Use a computer algebra system to evaluate the integral. Compare the answer with the result using tables. If the answer is not the same, Show that they are equivalent.

\(\int {{{\sec }^4}xdx} \)

Using any computer algebra system:-

\(\int {{{\sec }^4}xdx = \frac{{{{\tan }^3}x}}{3} + \tan x + c} \)

See the step by step solution

Step by Step Solution

Step(1):- calculating the values using any computer software

Using an integral calculator, we get

\(\int {{{\sec }^4}xdx = \frac{{{{\tan }^3}x}}{3} + \tan x} \)

Step(2):- Calculating the value of integral using table

\(\begin{aligned}{l}I = \int {{{\sec }^4}xdx} \\I = \int {{{\sec }^2}x.{{\sec }^2}xdx} \end{aligned}\) \((1 + {\tan ^2}x = {\sec ^2}x)\)

\(\begin{aligned}{l}I &= \int {{{\sec }^2}x.(1 + {{\tan }^2}x)} dx\\I &= \int {{{\sec }^2}x + } {\sec ^2}x{\tan ^2}xdx\\I &= \int {{{\sec }^2}xdx + \int {{{\sec }^2}x{{\tan }^2}xdx} } \\I &= \int {{{\sec }^2}xdx} + \int {{{\sec }^2}x{{(\tan x)}^2}dx} \end{aligned}\)

We know, \(\int {{{\sec }^2}xdx = \tan x} \)
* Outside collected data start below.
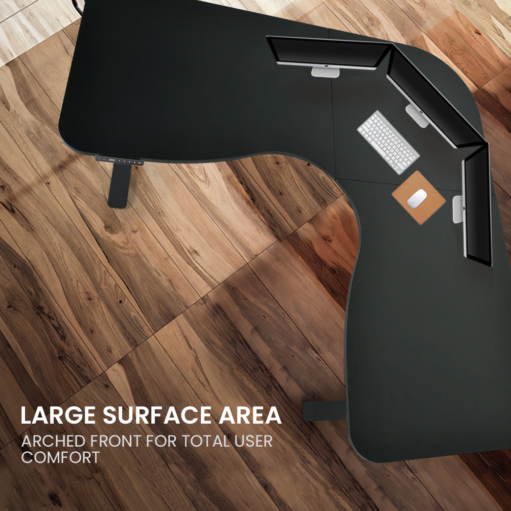 The FORTIA electric corner desk operates quickly, smoothly, and quietly with a triple motor system. Its built to last, with a durable design that handles up to 120kg. The motors are discreetly housed within the frame for added safety and a sleek look.
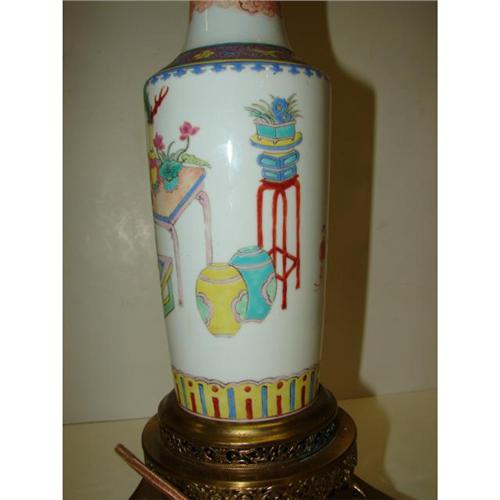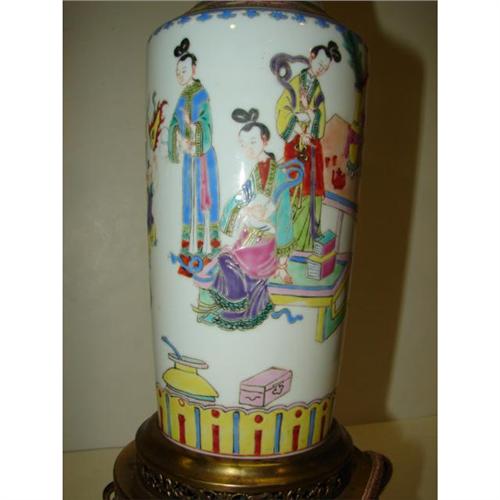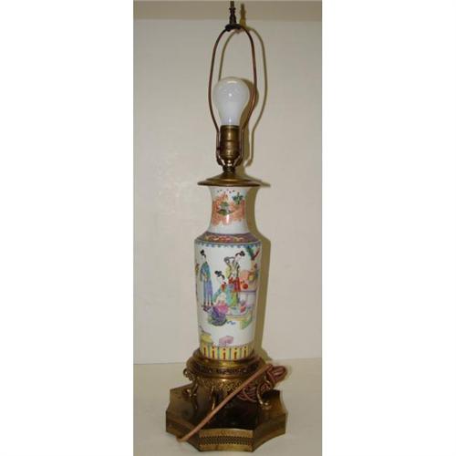 CHINESE EXPORT PORCELAIN LAMP. Mid 20th century. Figural brass base. Probably drilled through center. No apparent cracks. Porcelain 10.75” high.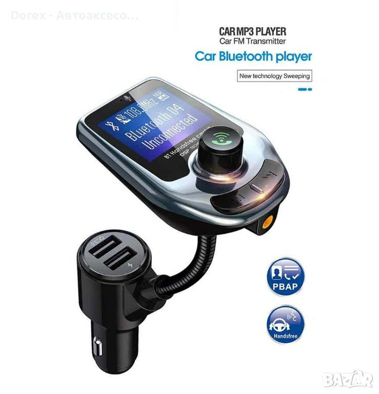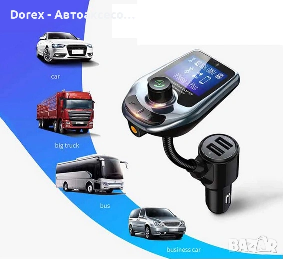 Bluetooth FM трансмитер за кола с MP3 плейър и функция за хендсфрий подходящ за възпроизвеждане на музика и провеждане на разговори по време на шофиране. Устройството се свързва безжично чрез Bluetooth и предава звука към автомобилното радио чрез FM честота без нужда от допълнителни инсталации.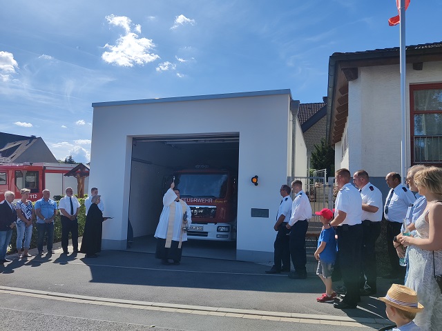 Nach der Begrüßung des leitenden Löschzugführers Michael Wenzel, wurde eine Urkunde der Einweihung, Münzgeld, sowie eine Tageszeitung in einer Zeitkapsel hinter dem Jahresstein der neuen Fahrzeughalle eingemauert. Die Segnung und Einweihung übernahmen ab hier Pfarrer Daniel Maiworm und Pfarrerin Ulrike Rüter. Nach einer kurzen Andacht weihten die beiden geistlichen von katholischer und evangelischer Kirche die neue Fahrzeughalle mit den Worten „Gott zur Ehr – dem nächsten zur Wehr“ ein.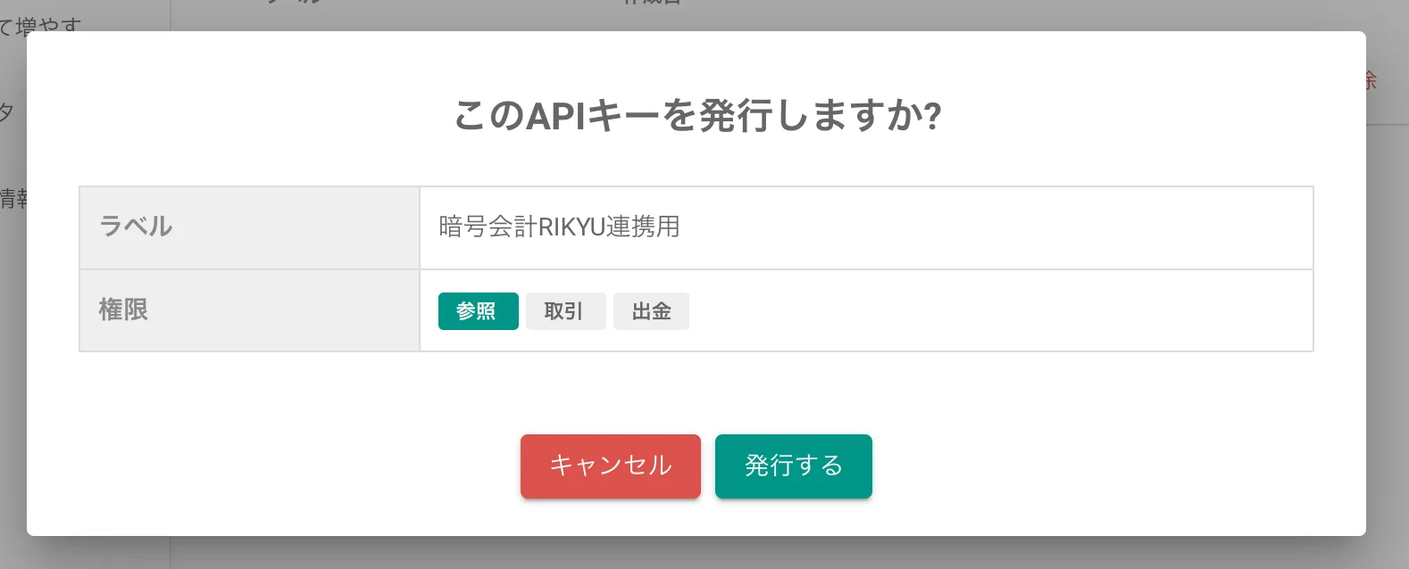 Q: APIキーの権限設定はどうすればよいですか? A: RIKYUでは「参照」権限のみで十分です。売買や出金などの権限は不要ですので、セキュリティのため「参照」のみを選択してください。

Also, \(\int {f{{\left( x \right)}^n}.{f^'}\left( x \right)dx = \frac{{{{(f\left( x \right))}^{n + 1}}}}{{n + 1}}} + C\)

\(\int {{{(\tan x)}^2}.{{\sec }^2}xdx = \frac{{{{\tan }^3}x}}{3}} + C\)


\(\int {{{\sec }^4}x = \tan x + \frac{{{{\tan }^3}x}}{3} + C} \)

We can see that both answer are same.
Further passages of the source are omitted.